Abstract
M.Com. (Financial Economics)
This minor dissertation revisits the relationship between stock price valuation and demographic changes with an empirical application to South African data over the period 1985 to 2016. Built from the life cycle hypothesis, the study reexamines the theoretical link between birth rate and the dividend-price ratio proposed by Geanakoplos et al. (2004) based on the US demographic and economic development in the 20th century. Calibrated results prove support to a non-monotonic relationship between middle to young ratio and stock price valuation; possibly suggesting the existence of multiple equilibria between stock prices and demographic changes.
The derived theoretical link is further assessed empirically using South African data. Particularly, the study considers the dividend yields from all share, financial and industrial categories. Results from both parametric (non-linear cointegration) and nonparametric (neural network) confirm the nonlinear association between demographic changes and dividend yields across selected asset categories. It is found that stock prices from all share category have a stronger response to negative than positive demographic shock. In the financial category, the asymmetric response is equally reported, not only in terms of magnitude but also in terms of sign with stronger effect from the positive shock. In contrast, the industrial category could not confirm the existence of asymmetric response to demographic changes.

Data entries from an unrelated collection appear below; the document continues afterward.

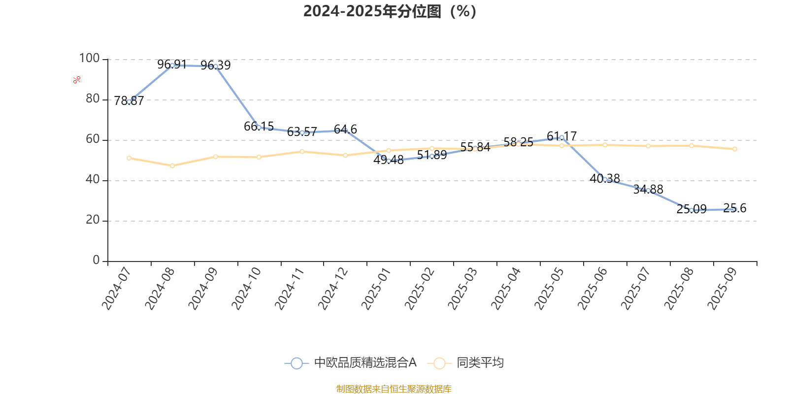 通过所选区间该基金净值增长率分位图,可以观察该基金与同类基金业绩比较情况。图为坐标原点到区间内某时点的净值增长率在同类基金中的分位数。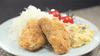 - カキに薄力粉を薄くまぶし、溶き卵、パン粉を順につける。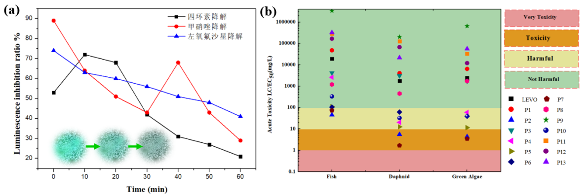 图2(a)不同抗生素降解体系的发光细菌毒性测试结果;(b)四环素降解过程中的ECOSAR程序评估数据结果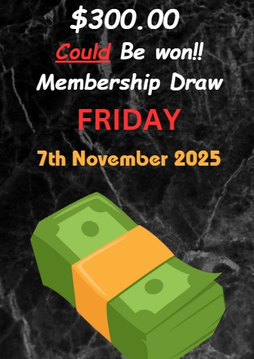 Come along to our Club every Wednesday and Friday to be in to win the  Membership Draw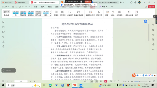 (通讯员:孙家伟)为全面贯彻太阳成集团tyc党委员工工作部《关于做好2025年暑期员工教育管理工作的通知》精神,牢固树立“大安全观”,切实保障全体员工度过一个平安、充实的暑假,太阳成集团tyc122cc于近期组织全院各年级,分层分类开展了一系列主题鲜明、内容扎实的暑期安全教育主题班会,将安全意识深植于每位学子心中。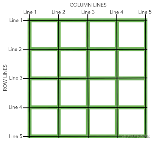 grid-column-start属性:左边框所在的垂直网格线grid-column-end属性:右边框所在的垂直网格线grid-row-start属性:上边框所在的水平网格线grid-row-end属性:下边框所在的水平网格线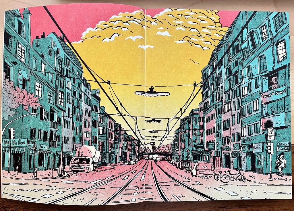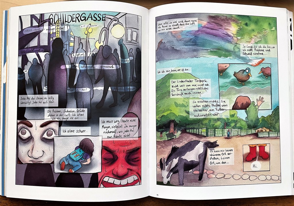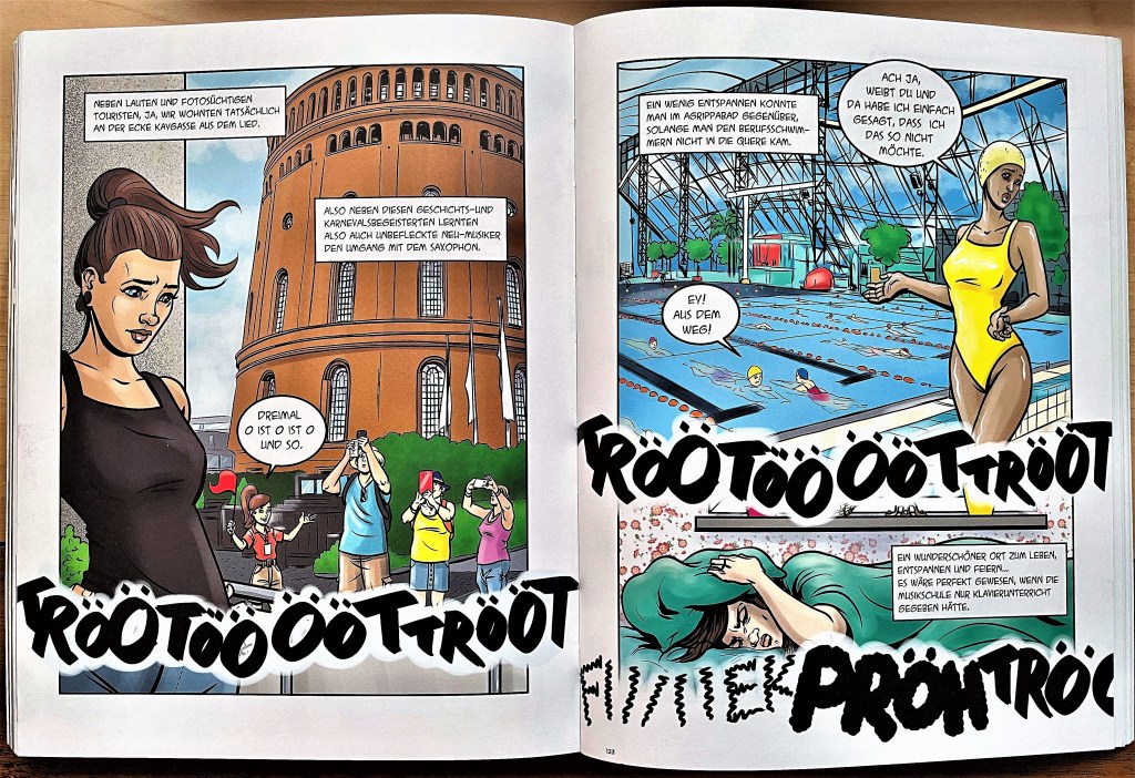 „Mit Comics durch Köln“ ist ein intensives Statement der Szene. Da wird Köln gefeiert für die „Riviera“ in Rodenkirchen (Dirk Meissner); für die Club-Szene, auch wenn einige Institutionen schließen mussten (Tristan Wilder); für die Buchhandlung Walther König (Ferdinand Lutz), die nichts anderes als „das Mekka“ ist; für das Japanische Kulturinstitut (Schilling & Blum), das – „typisch Köln“ – nicht hinreichend gewürdigt wird. Auch der Tierpark in Lindenthal ist im Prinzip ein guter Ort (Brü). Und Martin Böer beschließt seine grünstichige Stadtrundfahrt mit dem Geständnis: „Tief in der Brust sitzt die Gewissheit, dass ich es hier liebe.“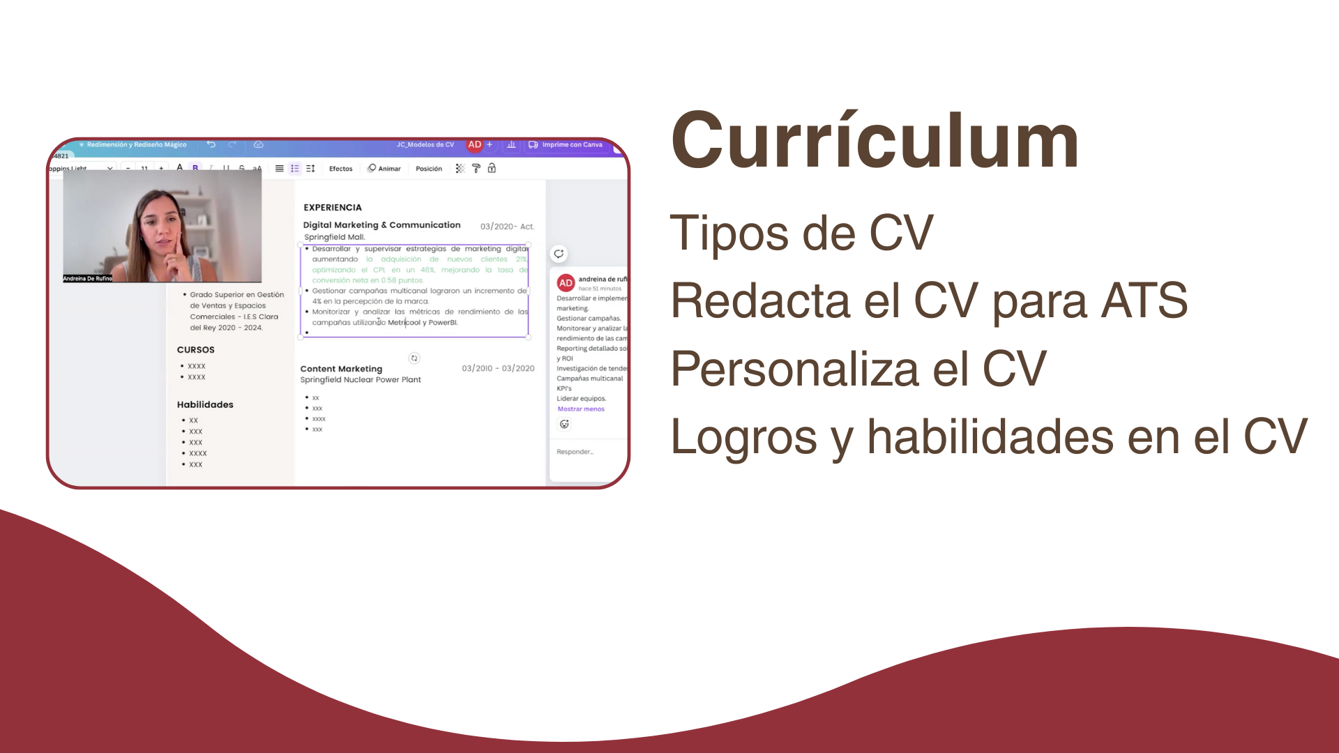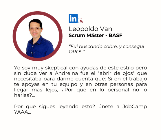 Si eliges JobCamp anual tienes sesiones privadas con Andreina para asesorarte directamente, acompañarte y evaluar tus avances.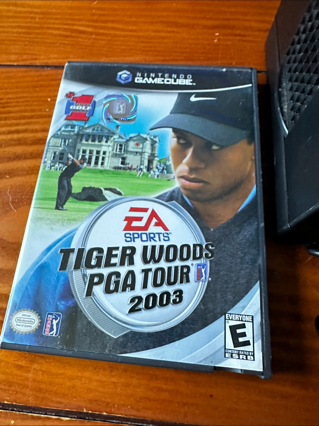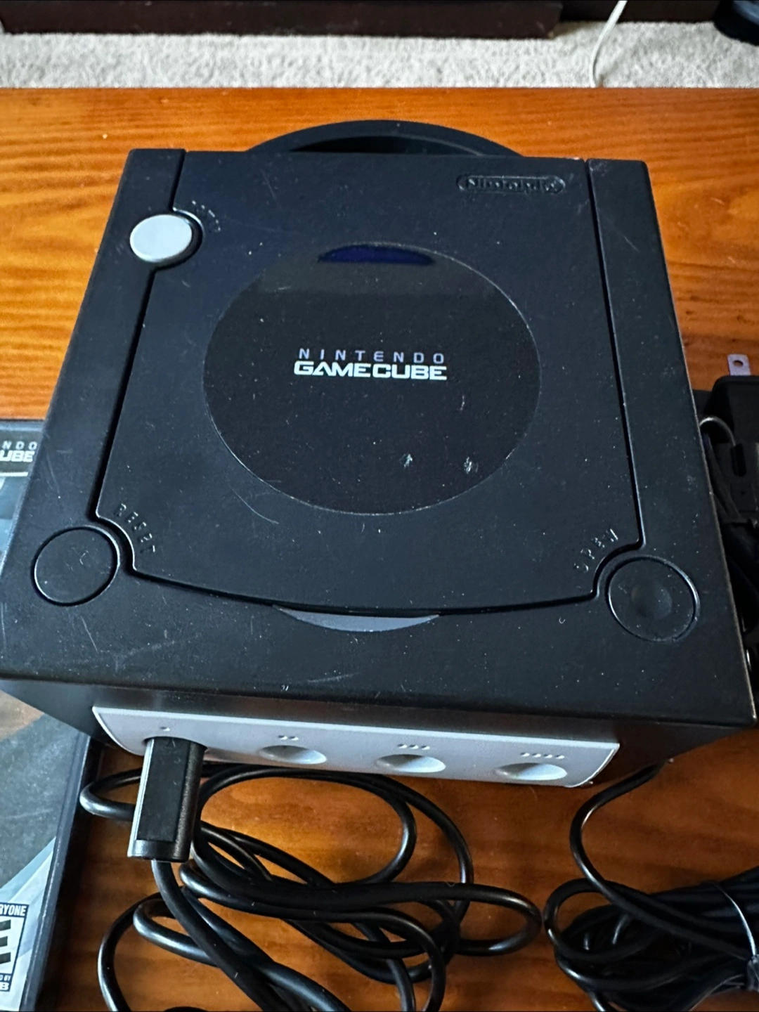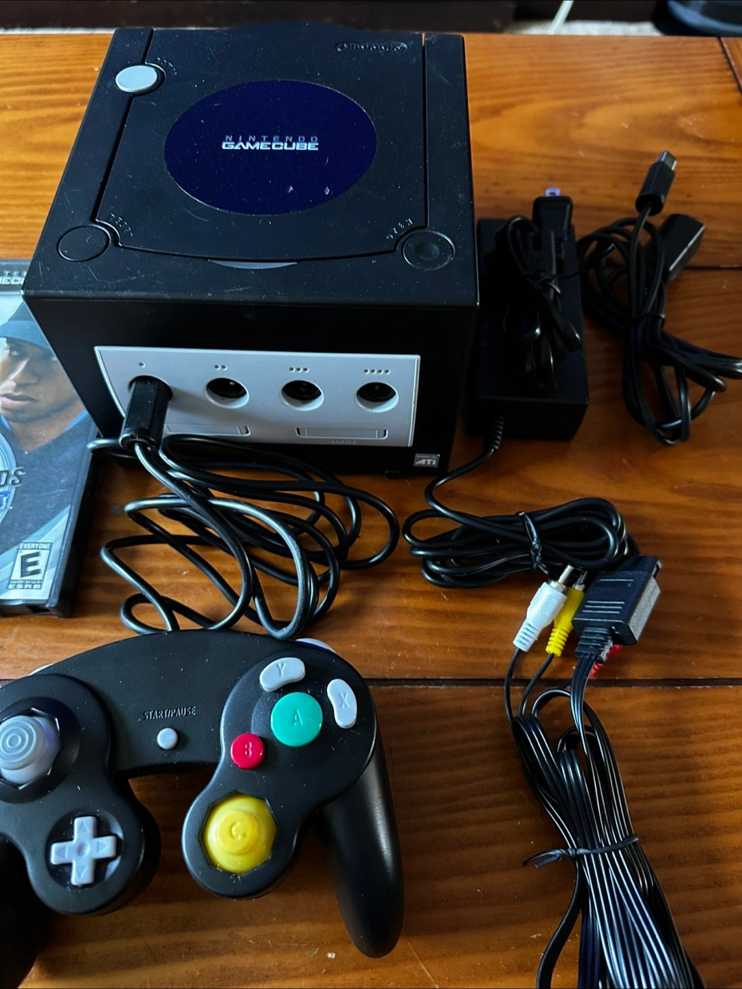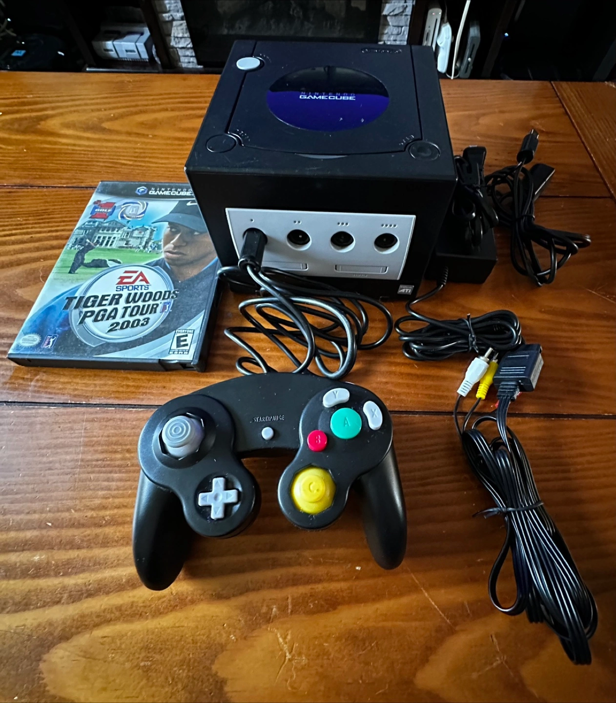 Selling a black Nintendo GameCube! It comes with 1 controller with 3 foot extension cable, power adapter, AV cable, and the game Tiger Woods PGA Tour 2003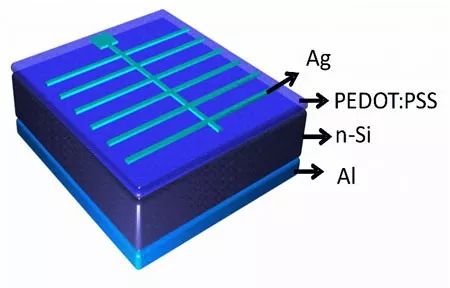 在傳統硅電池制備過程中,p-n結的形成需要在高溫(800 °C-900 °C)下才能進行。在高溫下,通過氣體擴散作用,摻雜離子從表面進入到N-型(P-型)硅內部,形成p-n結。但是,對硅基底進行N-型摻雜的磷化氫(PH3)氣體和P-型摻雜的乙硼烷(B2H6)氣體,都屬于易燃有毒氣體,并帶有腐蝕性,導致電池制備流程比較復雜。導電聚合物(PEDOT:PSS)作為一種水基溶液,可以在室溫下用旋涂法沉積在N-型硅表面上。基于上述優點,導電聚合物(PEDOT:PSS)型雜化硅電池(如圖1)的制備簡易,不涉及易燃有毒氣體的擴散及高溫離子摻雜,可以極大地削減制造成本,為硅電池的發展提供了新的思路。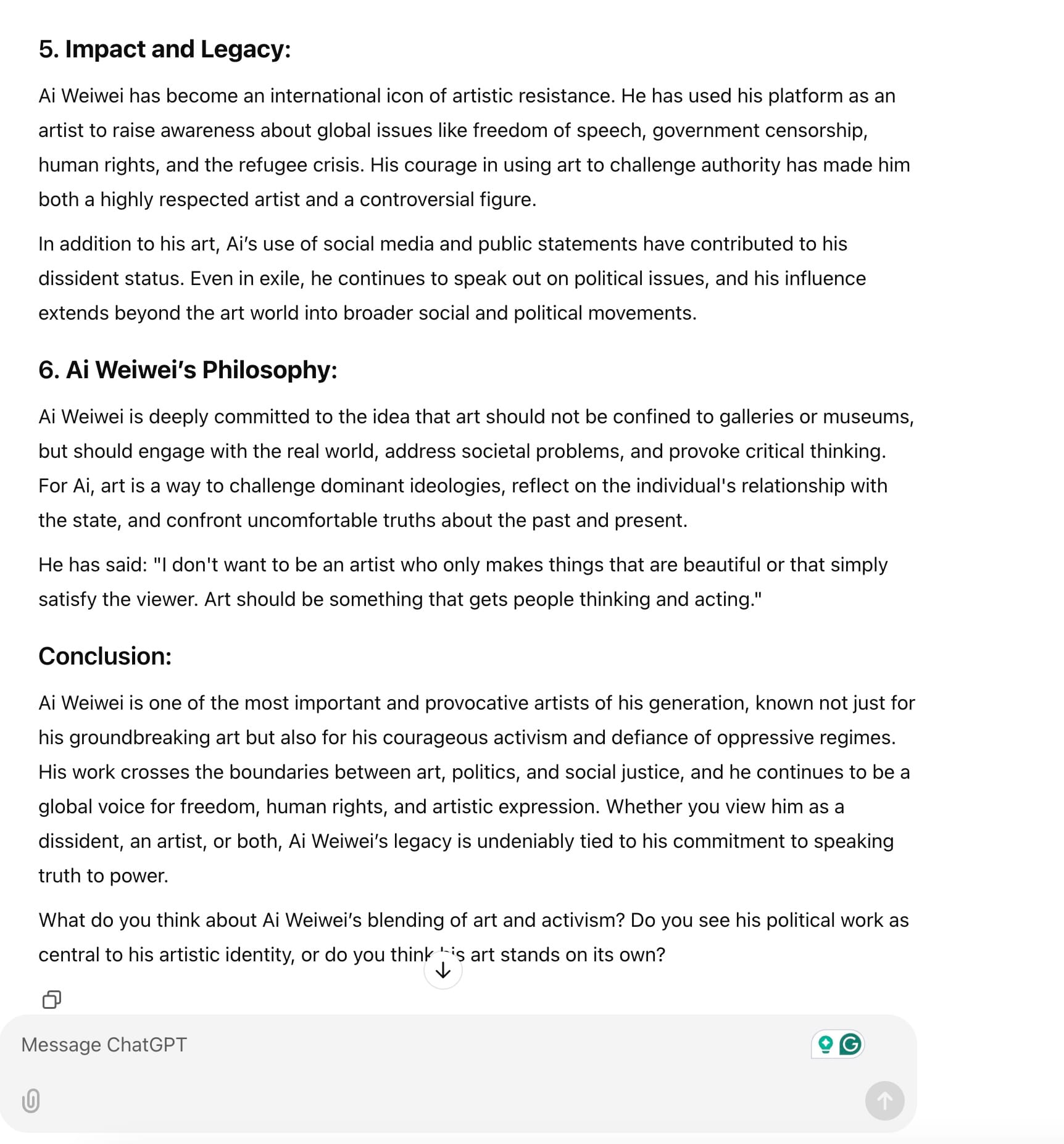 For comparison, Hyperallergic posed the same 12 questions to ChatGPT. In general, the OpenAI chatbot provided less concrete answers than DeepSeek, responding with long bullet-point text and asking for feedback on its answer. Responding to Hyperallergic’s prompt asking who Ai Weiwei is, ChatGPT provided five examples of the artist’s work and information about his detention and exile. The bot called Ai “one of the most important and provocative artists of his generation.”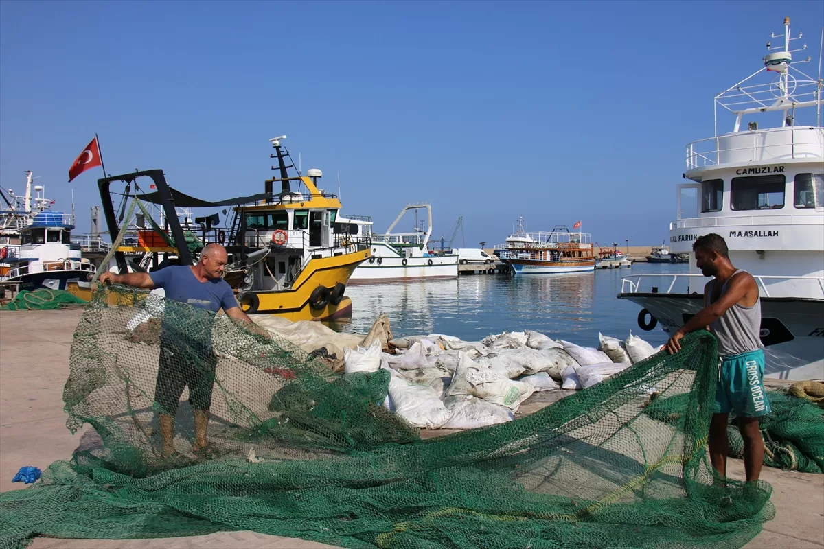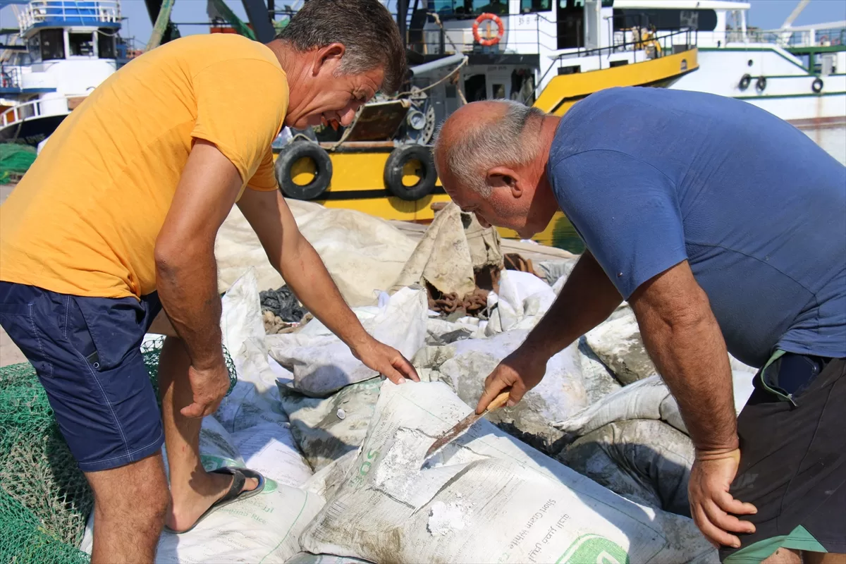 Mersin Su Ürünleri Kooperatifleri Bölge Birliği Başkan Yardımcısı Yalçın Sakın, ağa takılan çuvalları başka bir balıkçı teknesinin yardımıyla kıyıya getirdiklerini söyledi.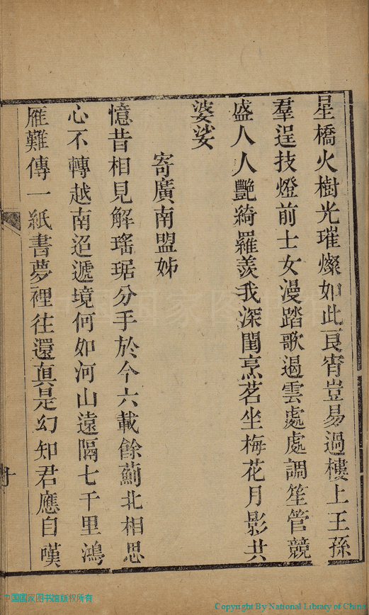 | (PRINT FRIENDLY VERSION) 蘭軒未訂稿: 初集一卷,二集一卷(清竇蘭軒撰)。清道光辛卯 (1831)平濼王氏刻本 ![]() 頁碼 : 初集.10a | 点 击 放 大 | 蘭軒未訂稿: 初集一卷,二集一卷(清竇蘭軒撰)。清道光辛卯 (1831)平濼王氏刻本![]() 頁碼 : 初集.9b | 点 击 放 大 | 返回 |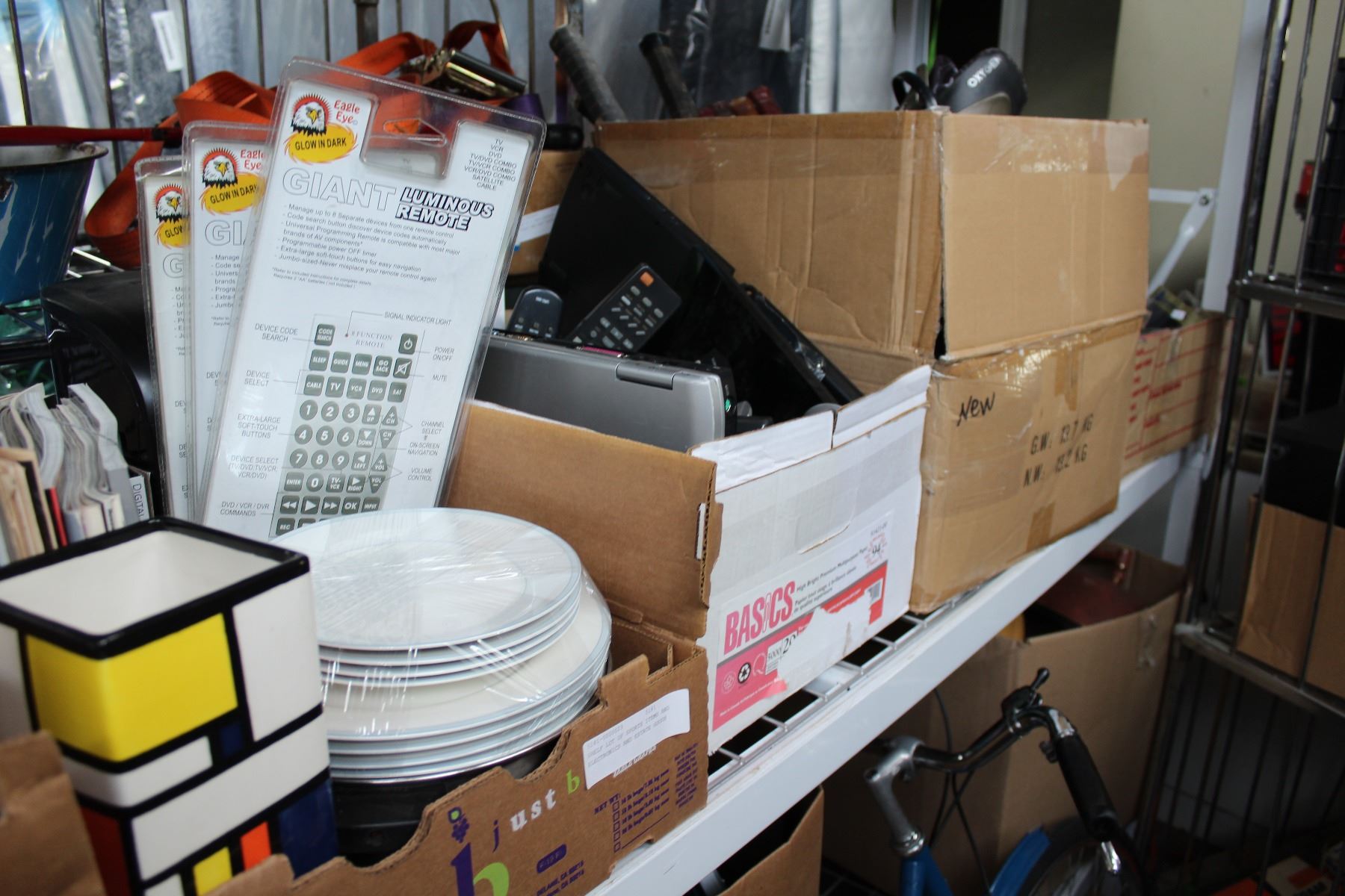SHELF LOT OF SPORTS ITEMS AND ELECTRONICS AND ESTATE GOODS

However, despite the evidence of asymmetry in the response of asset prices to positive and negative demographic changes as vindicated by the nonlinear cointegration output, it appears that the type of nonlinearity remains unclear. Given the ability of neural network in modelling complex dynamics, the traditional feed forward backward propagation is then used to evaluate the predictability of demographic and economic factors in forecasting asset prices. Empirical findings suggest that using middle to young ratio and wage income to predict dividend yields results in a prediction accuracy of more than 72% across asset category. This is consistent with the nonlinear cointegration output that more than 75% variation in the dividend yield is explained by wage income and middle to young ratio across asset classes; hence confirming the importance of demographic changes in shaping the dynamic behavior of asset development.